2023 FIBA U18 European Championship Division B

Tournament details
- Host country: Portugal
- City: Matosinhos
- Dates: 21–30 July 2023
- Teams: 22 (from 1 confederation)
- Venues: 3 (in 1 host city)

Final positions
- Champions: Latvia (1st title)
- Runners-up: Belgium
- Third place: Montenegro
- Fourth place: Austria

Official website
- www.fiba.basketball

= 2023 FIBA U18 European Championship Division B =

Basketball championship

The 2023 FIBA U18 European Championship Division B was the 17th edition of the Division B of the European basketball championship for men's national under-18 teams.

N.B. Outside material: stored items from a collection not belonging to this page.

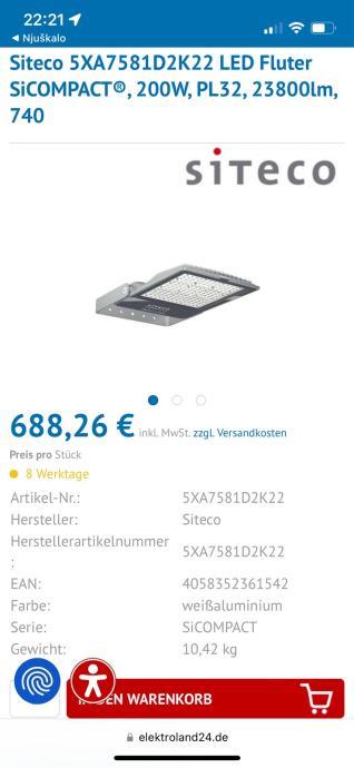 Prodajem više komada novih reflektora,zadnja slika cijena jednog reflektora u Njemačkoj,kod nas su još skuplji.Idealno za osvijetljenje velike hale,igrališta….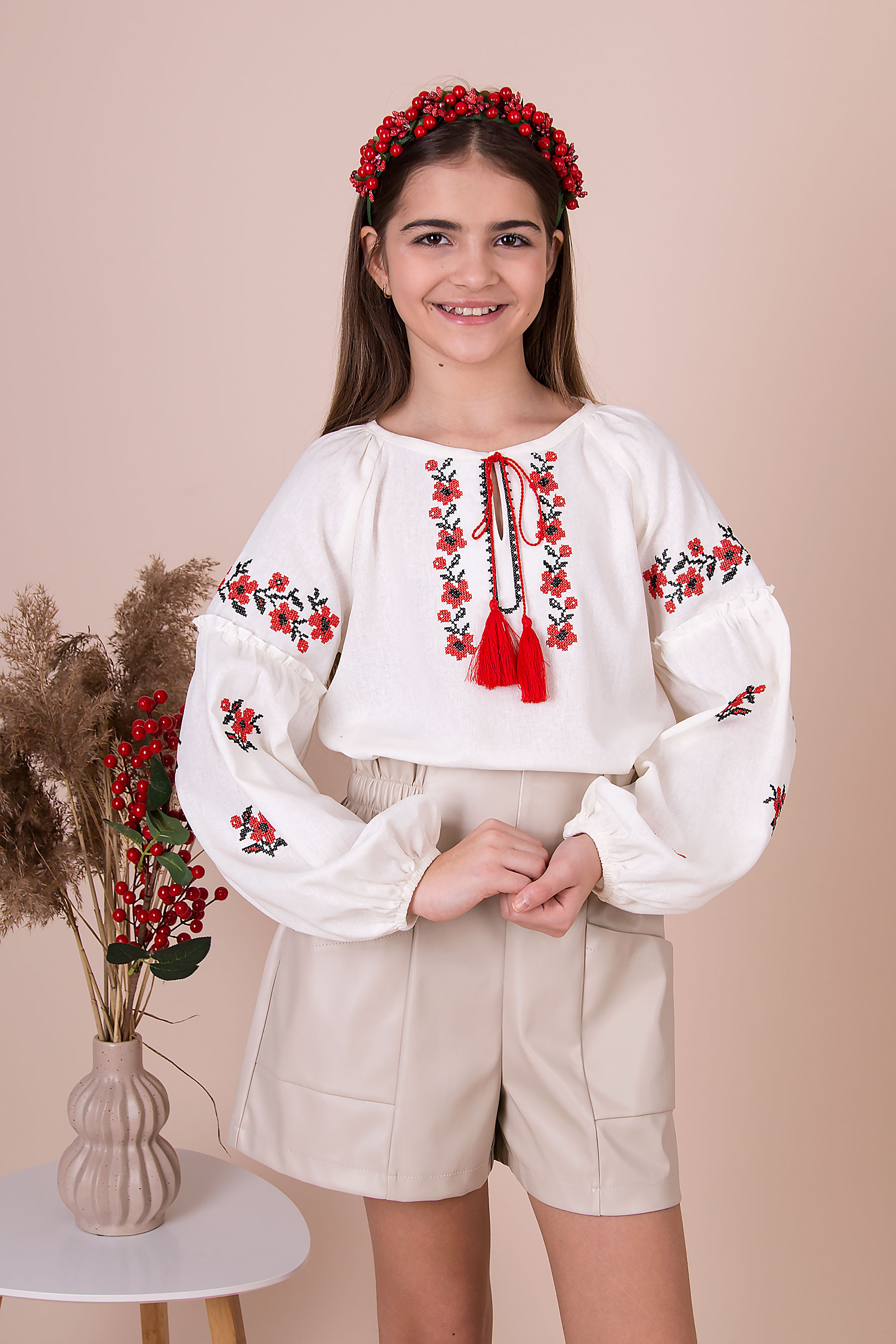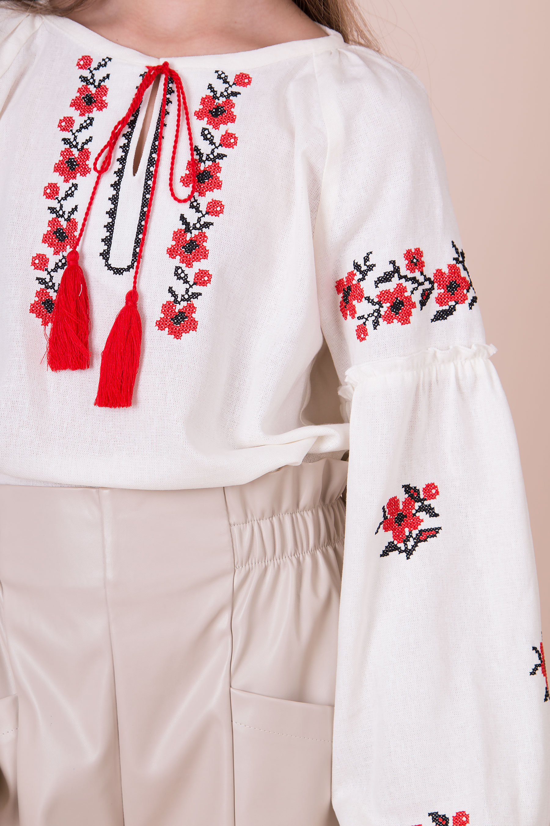Вишиванка з льону з квітковим орнаментом, що додає виробу автентичності. Горловина оздоблена китицями, які утворюють стильний акцент. Рукави зібрані на резинці, що забезпечує зручну посадку. Модель поєднує традиційний характер із сучасним дизайном, створюючи гармонійний образ.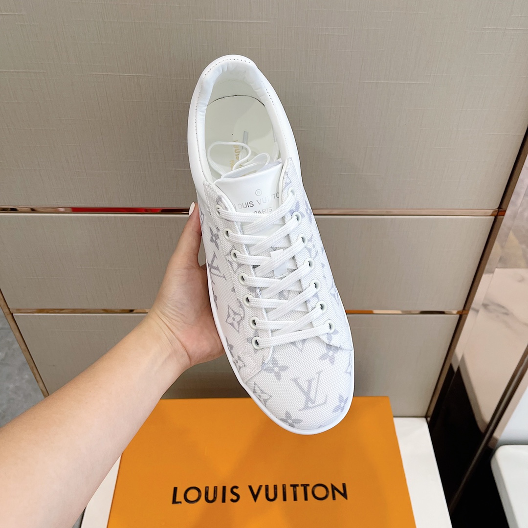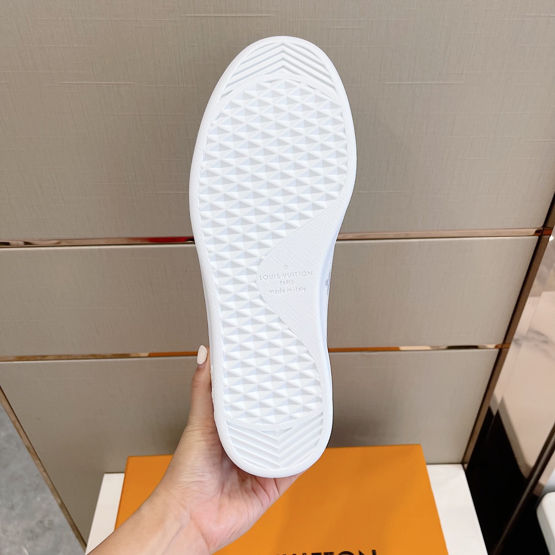 取材柔軟牛皮製成。飾有品牌壓印,刺繡圖案。線條簡潔清爽,細節設計精緻。鞋舌上的金色壓印英文標識以及橡膠大底上的monogram花卉圖案

The tournament was played in Matosinhos, Portugal, from 21 to 30 July 2023.

== Participating teams ==
- (15th place, 2022 FIBA U18 European Championship Division A)
- (16th place, 2022 FIBA U18 European Championship Division A)
- (14th place, 2022 FIBA U18 European Championship Division A)

==First round==
The draw of the first round was held on 14 February 2023 in Freising, Germany.

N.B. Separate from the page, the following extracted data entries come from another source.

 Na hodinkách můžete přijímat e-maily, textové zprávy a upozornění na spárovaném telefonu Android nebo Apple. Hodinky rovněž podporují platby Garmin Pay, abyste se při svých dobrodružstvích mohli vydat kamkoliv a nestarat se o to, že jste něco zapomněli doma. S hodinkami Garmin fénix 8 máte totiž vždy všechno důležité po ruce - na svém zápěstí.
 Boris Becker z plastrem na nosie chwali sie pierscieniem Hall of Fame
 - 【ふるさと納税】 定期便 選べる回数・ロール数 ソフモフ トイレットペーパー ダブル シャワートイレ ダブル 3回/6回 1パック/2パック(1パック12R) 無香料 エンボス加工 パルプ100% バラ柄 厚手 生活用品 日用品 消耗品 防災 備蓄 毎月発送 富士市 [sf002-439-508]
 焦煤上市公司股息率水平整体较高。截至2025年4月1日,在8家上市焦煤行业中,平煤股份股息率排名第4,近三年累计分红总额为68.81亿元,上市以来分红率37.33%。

In the first round, the teams were drawn into four groups. The first two teams from each group advance to the quarterfinals; the third and fourth teams advance to the 9th–16th place playoffs; the other teams will play in the 17th–22nd place classification groups.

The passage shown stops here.